The seismic reflection method is paramount for the location of possible hydrocarbon accumulation in the subsurface. Besides providing structural imaging and high area coverage in a short time, this geophysical method, in conjunction with additional data, provides invaluable information about rock properties, fluid content and lithology.
In this context, using the knowledge provided by the seismic method, one may evaluate not only the location of possible reservoirs but also the economic viability with reasonable accuracy, therefore reducing risk and potential losses. However, the interpretation procedure of the seismic data is a human-intensive and time-consuming task, performed by geoscientists who are continually dealing with tight deadlines and the ever-increasing size of datasets .
In this scenario, researchers have proposed the application of computer-aided systems to assist geoscientists in several tasks involving seismic interpretation. For example, [2, 3, 4, 5] aim at the identification of specific structures on seismic images and [6, 7] propose techniques to automate part of the seismic facies analysis process.
Other domains facing similar problems are using neural networks and machine/deep learning techniques with great success to support tasks that deal with high volumes of data and are considered human-centered, for instance, image classification and segmentation[8, 9], and object detection and recognition [10, 11]. Nevertheless, these methods require training datasets with a sufficient amount of data for the testing and validation of the proposed methodology. For the machine learning community, it is a common practice to make these datasets publicly available. Some examples are MNIST  (60k images), PASCAL-VOC  (40k images), MS-COCO  (330k images), and ImageNet  (14 million images). These datasets allow researchers to compare their advances, extend the state-of-the-art, and find new possible applications.
Although we have seen an increasing interest in machine learning in geosciences, to the best of our knowledge, there is no public labeled dataset targeting the seismic interpretation task. In this sense, we propose a new dataset to be publicly available. The Penobscot interpretation dataset consists of 7 horizons and +100,000 labeled seismic images derived from the Penobscot 3D seismic data , already in the public domain. The seismic lines were segmented in different portions based on their seismic facies. The proposed dataset has already been used in some applications, for example, the works of Chevitarese et al. [17, 18, 19], which will be discussed in Section VI.

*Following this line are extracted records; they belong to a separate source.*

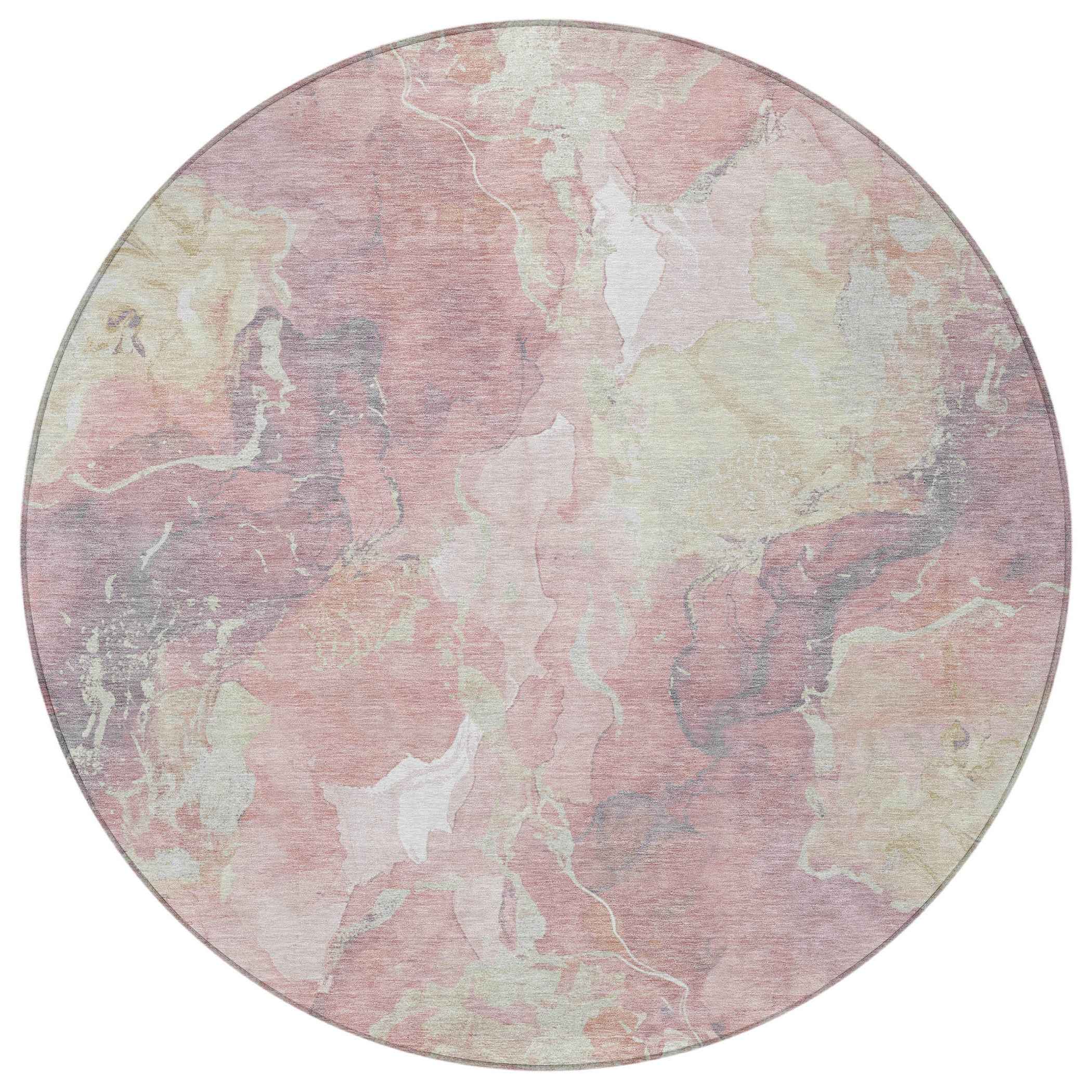 8' Pink And Beige Round Abstract Washable Indoor Outdoor Area Rug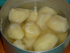 Тем временем готовим начинку для пирожков. Картофель чистим, моем и заливаем кипятком, солим и ставим на огонь. Варим 20 минут после закипания.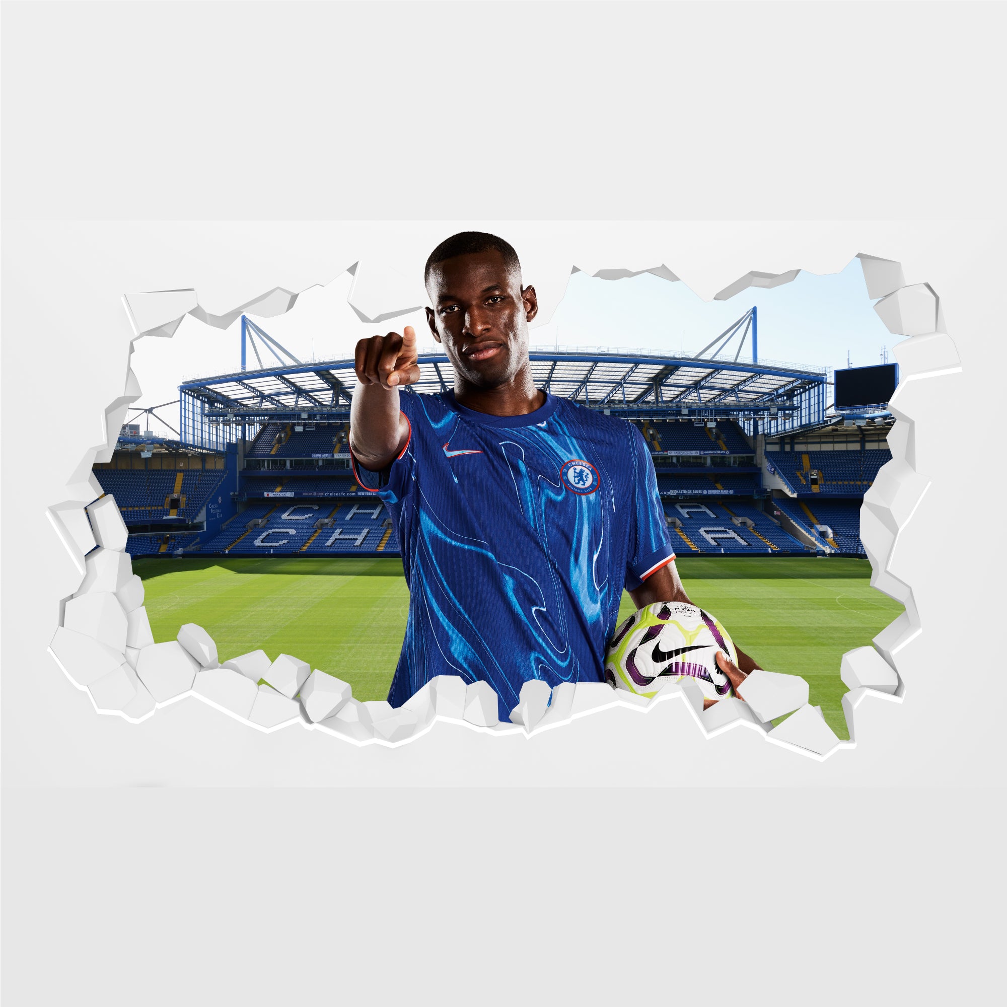 Contents: x1 Chelsea Football Club - Jackson Broken Wall Mural. plus Fitting Instructions.

The present paper is organized as follows: in the next section we describe the regional geology where the Penobscot survey lies. In Sections III and IV we present the Penobscot 3D seismic dataset and our interpretation procedure. Section V presents the proposed dataset and describes its main characteristics. Section VI briefly discuss two works in which the proposed datasets was employed and we conclude our work in Section VII.
Ii Geological Settings
The Penobscot 3D dataset  was acquired in the Scotian Basin, located on the Scotian Shelf, offshore Nova Scotia, Canada (Figure 1). The basin was formed during the break-up of Pangaea – separation of North American and African plates – and covers an area of 300,000 km2 with sediment maximum thickness of 18 km . The rifting process that took place from the Triassic to the Early Jurassic developed several sub-basins – Shelburne, Sable, Abenaki, South Wale, and Orpheus Graben – and, posteriorly in a passive margin configuration, two plateaus – Banquereau and La Have [21, 22].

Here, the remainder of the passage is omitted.